A love for reality

Michaël Samyn, May 12, 2012

A very important aspect of my work for me has nothing to do with games, or stories or any sort of meaning. It’s actually an attempt at expressing a love for reality. Reality how I find it, how I observe it. Not reality as in truth, or How Things Really Are. But the much more modest every day wonders of existence on this planet.

A fleck of dust that flies up when I pass by, the way our hallway smells of wood, the light playing with the leaves of the trees in the park, rain drops sinking into warm stone tiles, a blackbird perched on the highest chimney in the street singing its strangely random tune, the sound of church bells on Sunday morning.

And it’s not even because of the beauty of these things. It’s much more basic. It’s a sort of love, with a touch of grattitude perhaps. That’s what motivates most of my work: to pay homage to reality as it exists, to existence itself, freed from meaning, from purpose. And yes, in my work, I think the love I feel for reality is translated in the attempt to create beauty. But beauty was not the driving force, merely an expression of love.
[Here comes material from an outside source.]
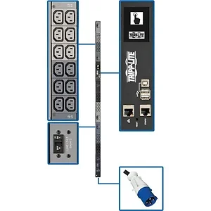 18.7kW (240V), 16.2 (208V) total capacity 26A max per output phase (L1-L2, L2-L3, L3-L1) 20A max per breakered outlet bank 12A max per C13 outlet

This is probably why I like realtime 3D so much. It’s the technology that is best equipped to create reality in. Not just how things look, but the events in their entirety, what they feel like, and how things respond to my presence. One of my greatest joys in Bientôt l’été, for instance is to run towards the seagulls standing at the shoreline and make them fly away. It’s such a real thing, such an understandable thing. We know this to be a manifestation of life on earth. If the gulls would not fly away, it would feel weird -or if we would not feel inclined to run towards them, equally so, perhaps.

There’s no message here, no meaning. Just a love for reality.